ASSIGNED TASK.
Starting at the line with "- 弃文存质:放弃表面的华丽文辞,保留实质内容。" and stopping at the final line, retype the data below exactly; do not carry over any pictures.

DATASET CONTENT.
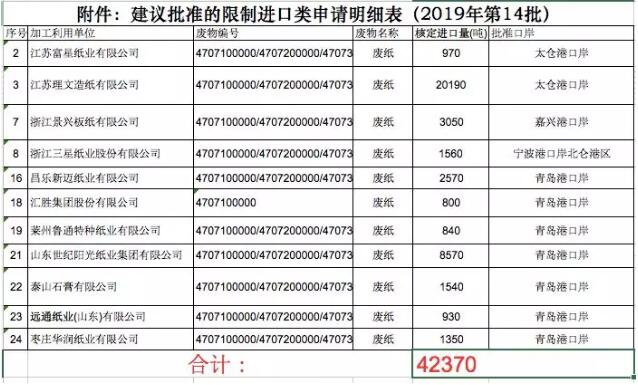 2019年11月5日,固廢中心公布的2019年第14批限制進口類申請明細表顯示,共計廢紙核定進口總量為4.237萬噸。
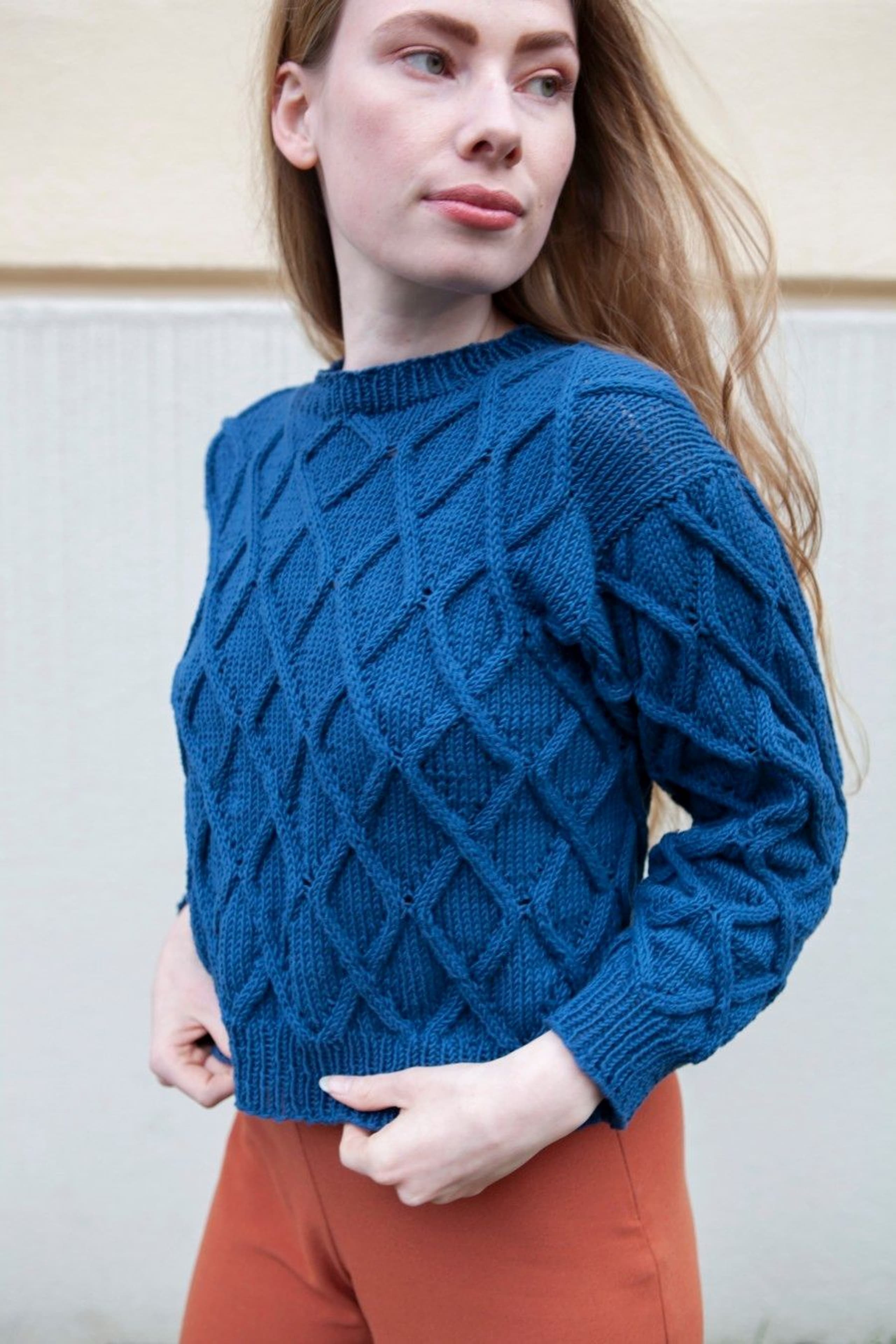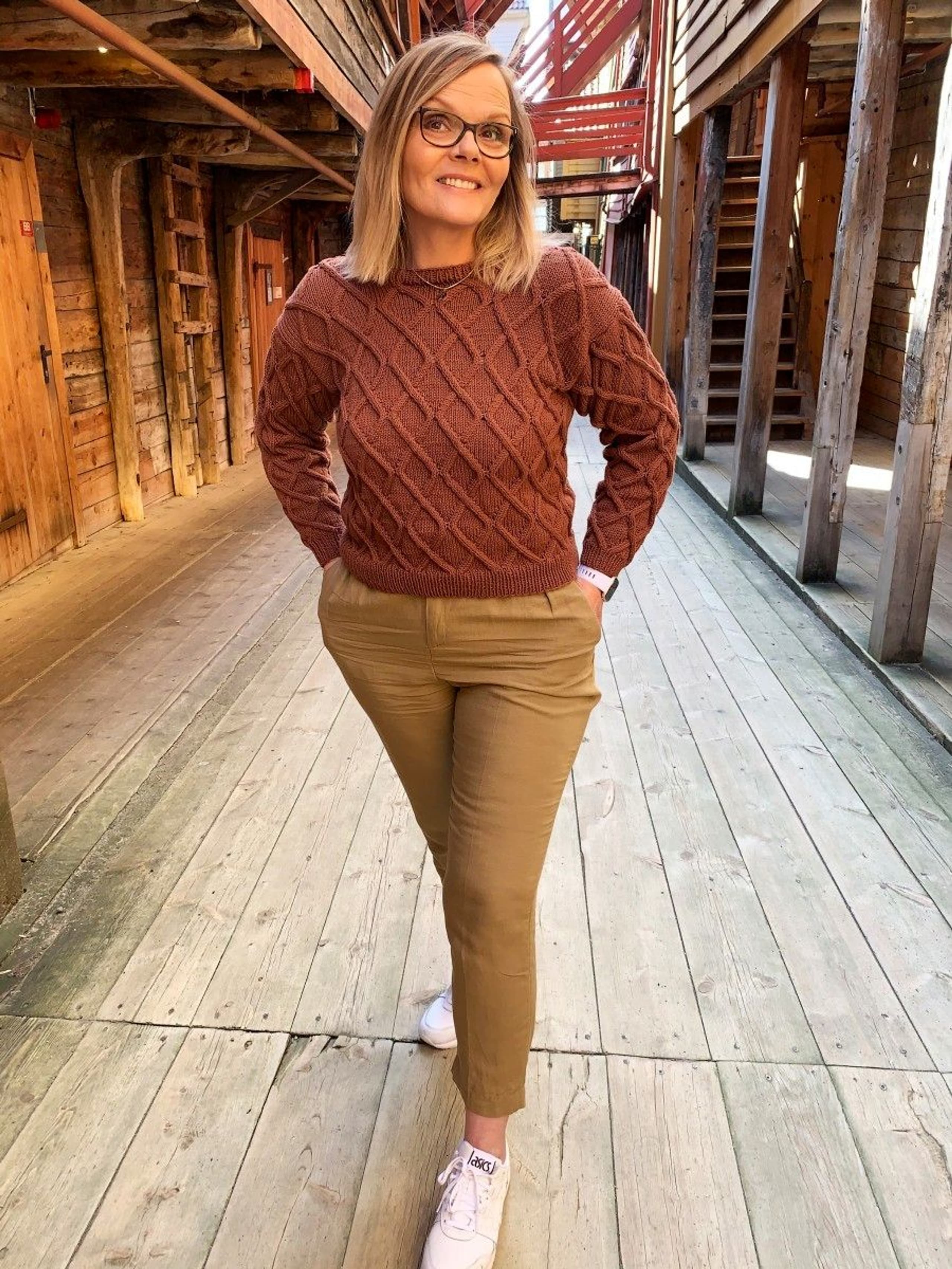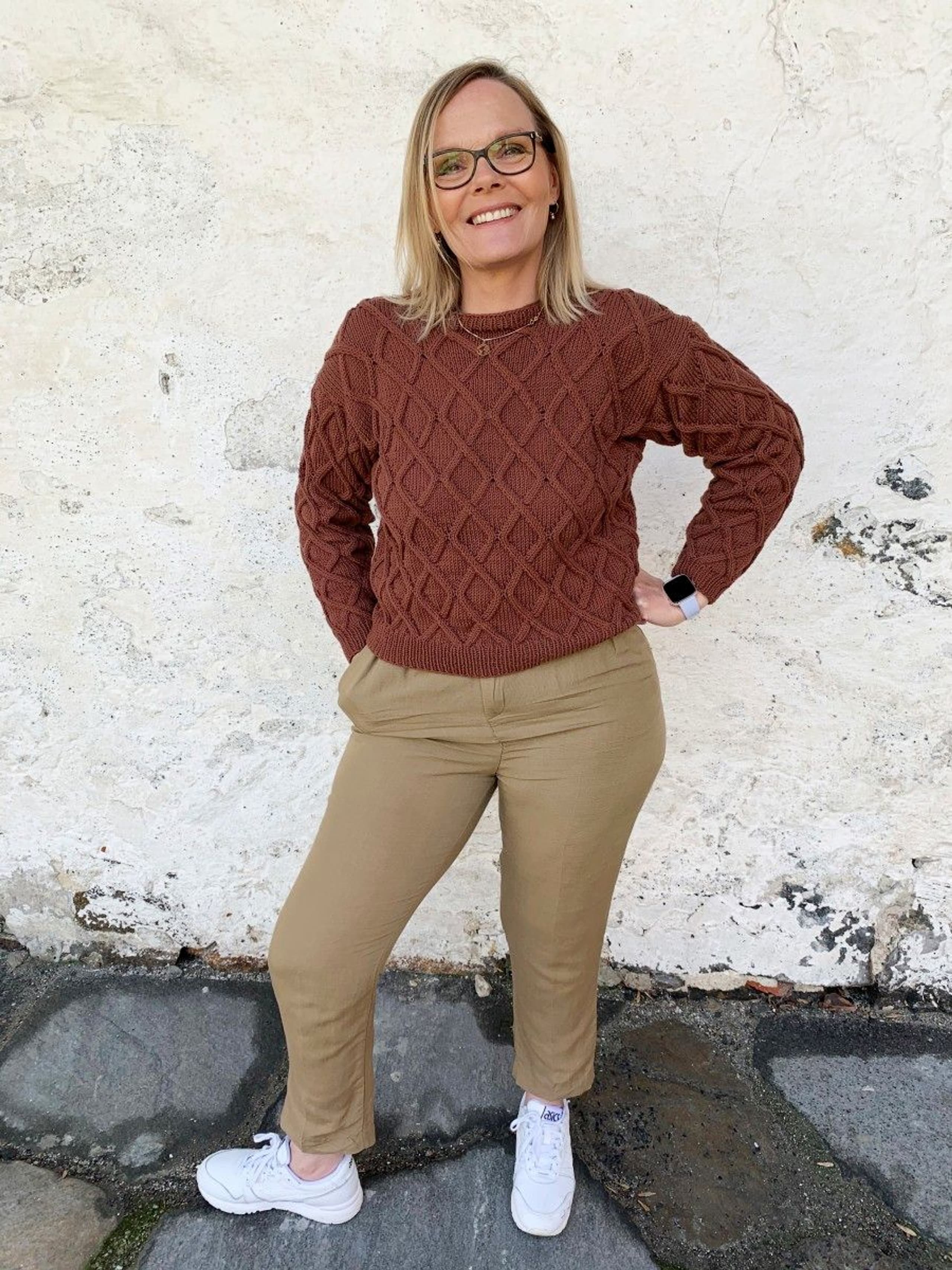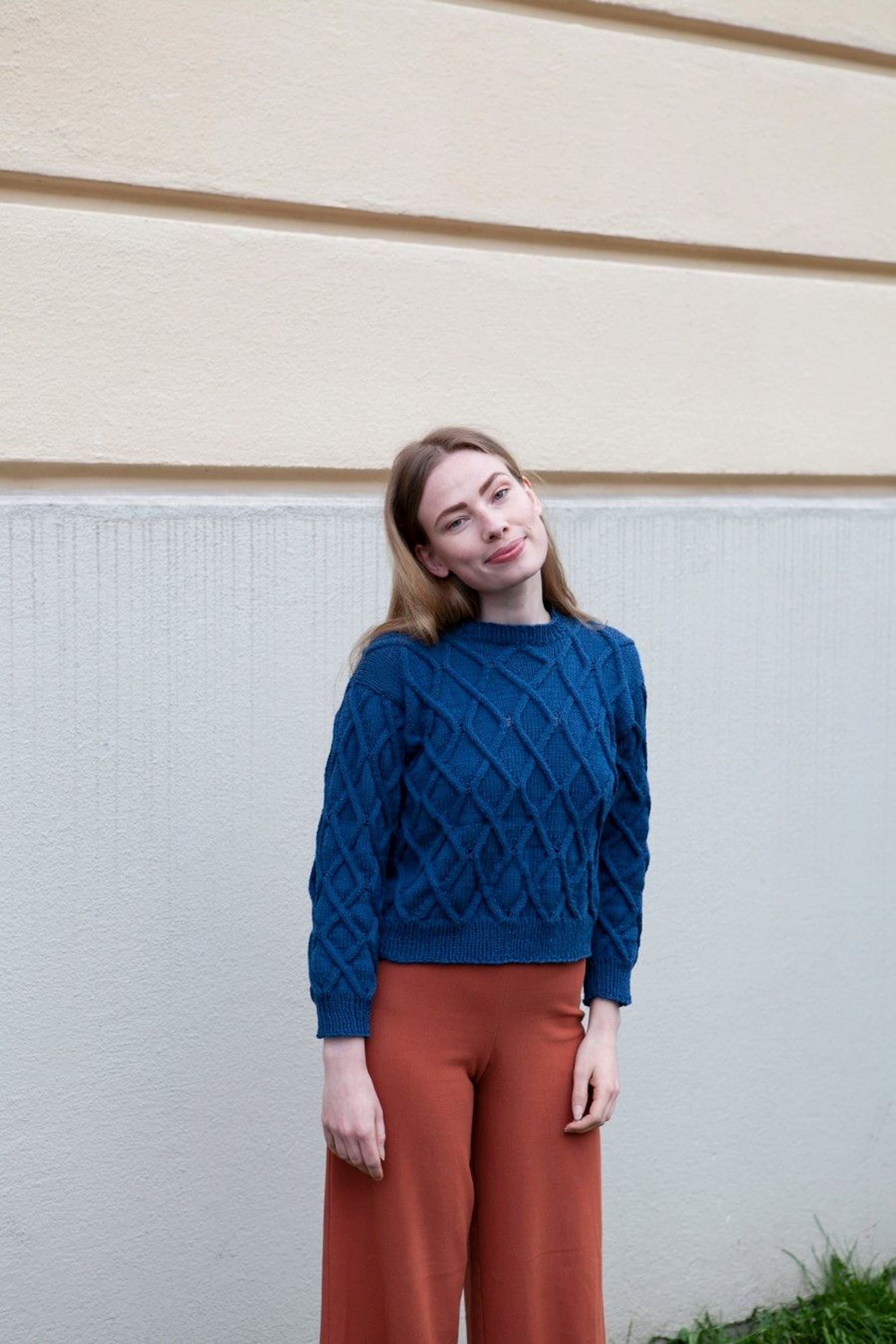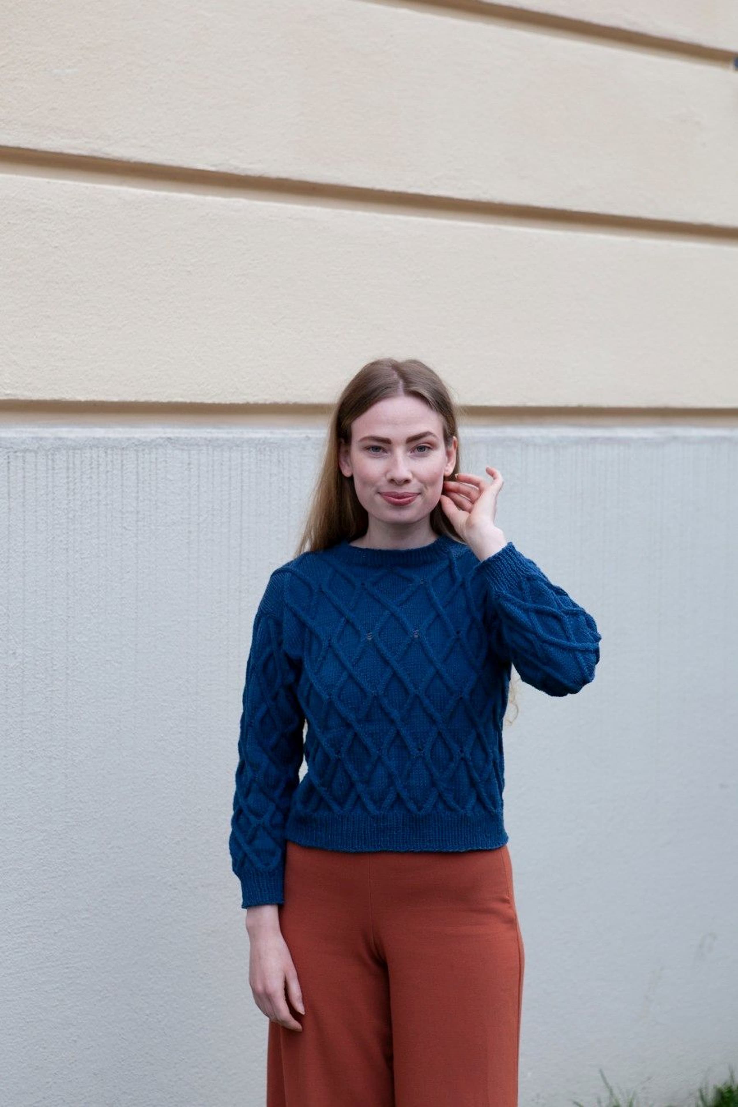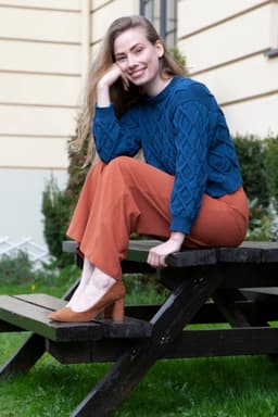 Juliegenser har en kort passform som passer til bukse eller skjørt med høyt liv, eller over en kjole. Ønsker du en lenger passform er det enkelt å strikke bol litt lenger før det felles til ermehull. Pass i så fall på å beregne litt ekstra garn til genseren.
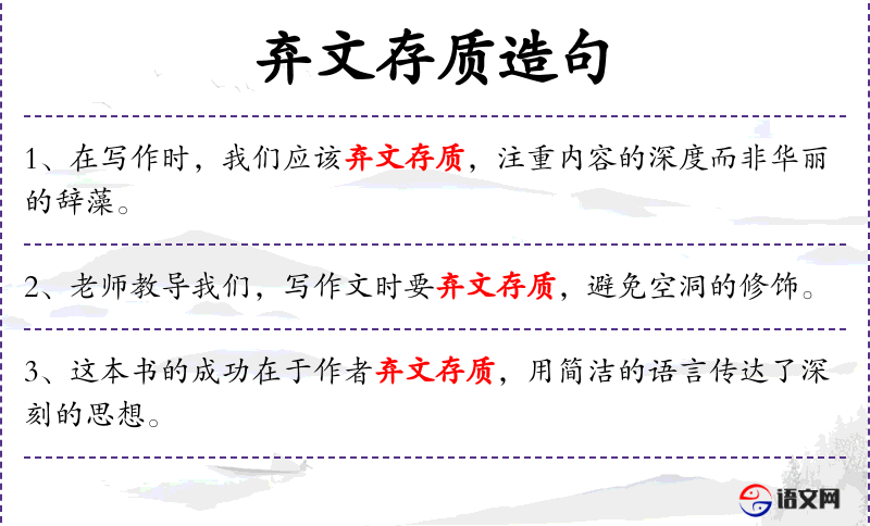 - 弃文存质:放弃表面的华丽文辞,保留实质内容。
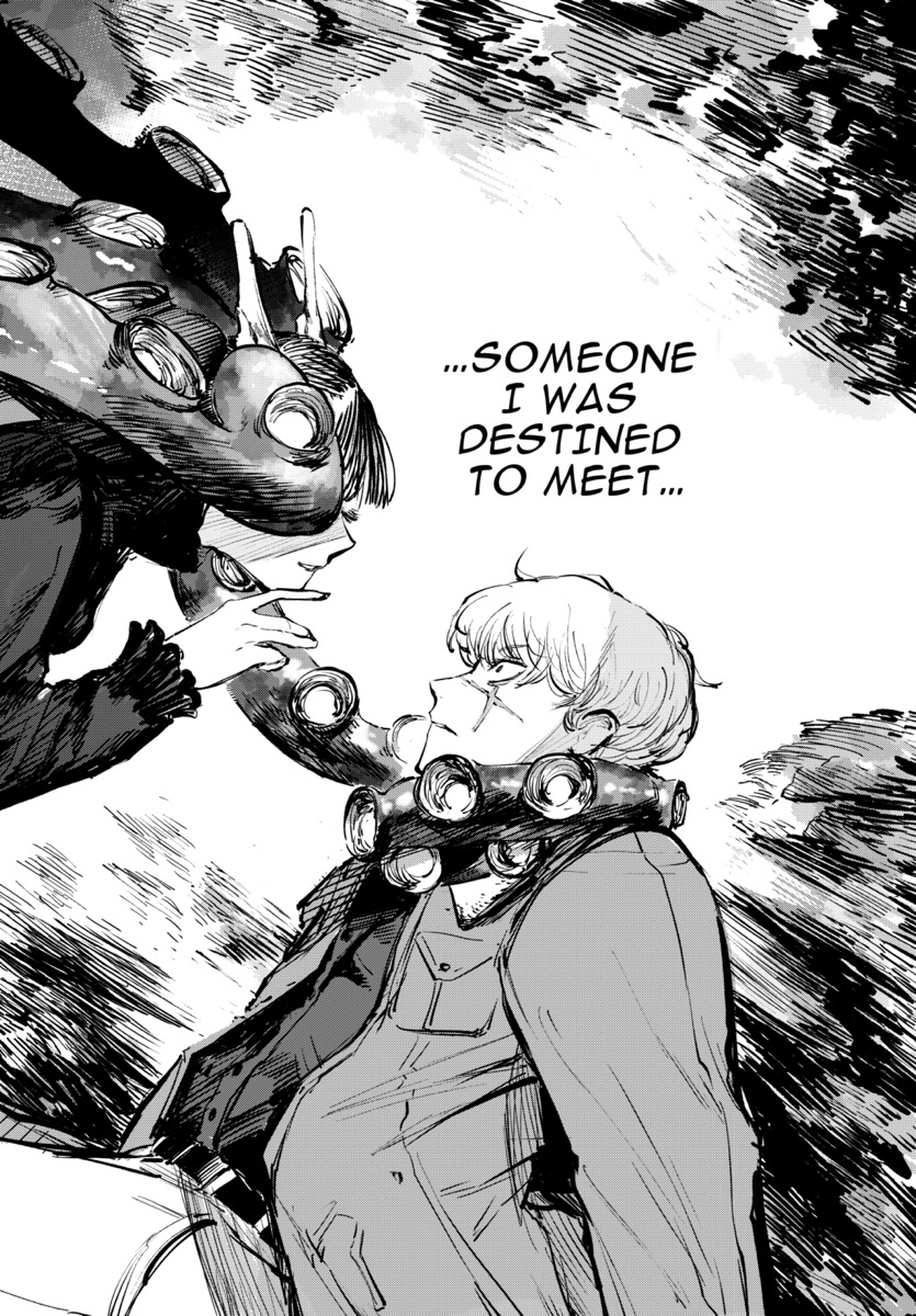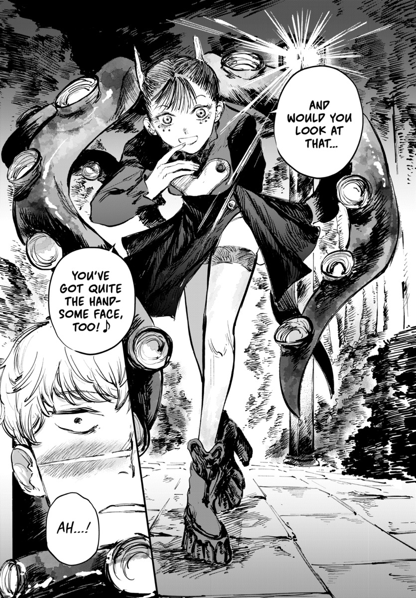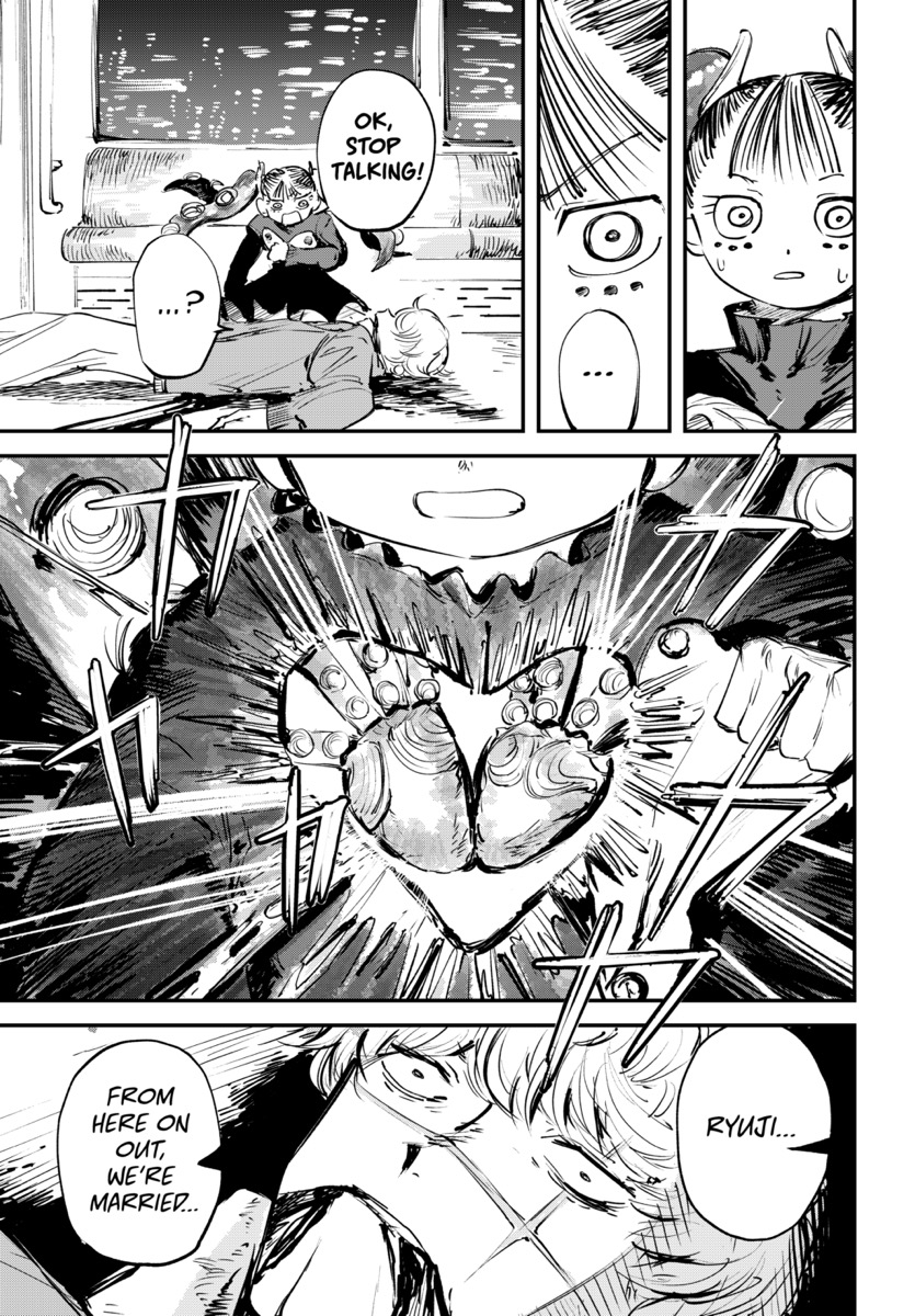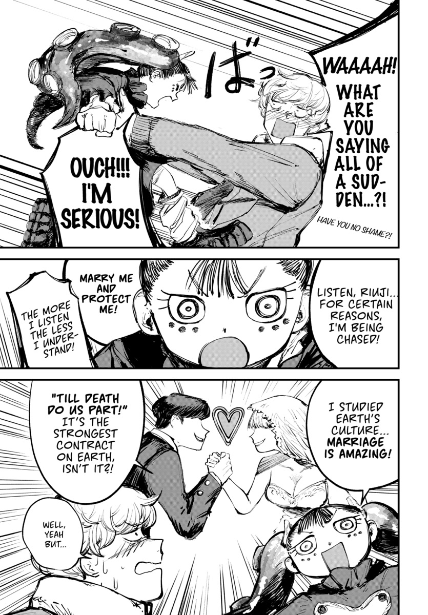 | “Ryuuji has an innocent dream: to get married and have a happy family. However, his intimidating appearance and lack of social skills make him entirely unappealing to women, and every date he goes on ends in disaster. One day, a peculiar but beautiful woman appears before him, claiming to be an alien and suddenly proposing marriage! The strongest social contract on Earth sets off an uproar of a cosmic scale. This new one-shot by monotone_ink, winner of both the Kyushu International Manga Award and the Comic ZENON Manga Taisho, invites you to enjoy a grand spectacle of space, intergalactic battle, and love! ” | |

WRITTEN ANSWER.
 - 弃文存质:放弃表面的华丽文辞,保留实质内容。
 | “Ryuuji has an innocent dream: to get married and have a happy family. However, his intimidating appearance and lack of social skills make him entirely unappealing to women, and every date he goes on ends in disaster. One day, a peculiar but beautiful woman appears before him, claiming to be an alien and suddenly proposing marriage! The strongest social contract on Earth sets off an uproar of a cosmic scale. This new one-shot by monotone_ink, winner of both the Kyushu International Manga Award and the Comic ZENON Manga Taisho, invites you to enjoy a grand spectacle of space, intergalactic battle, and love! ” | |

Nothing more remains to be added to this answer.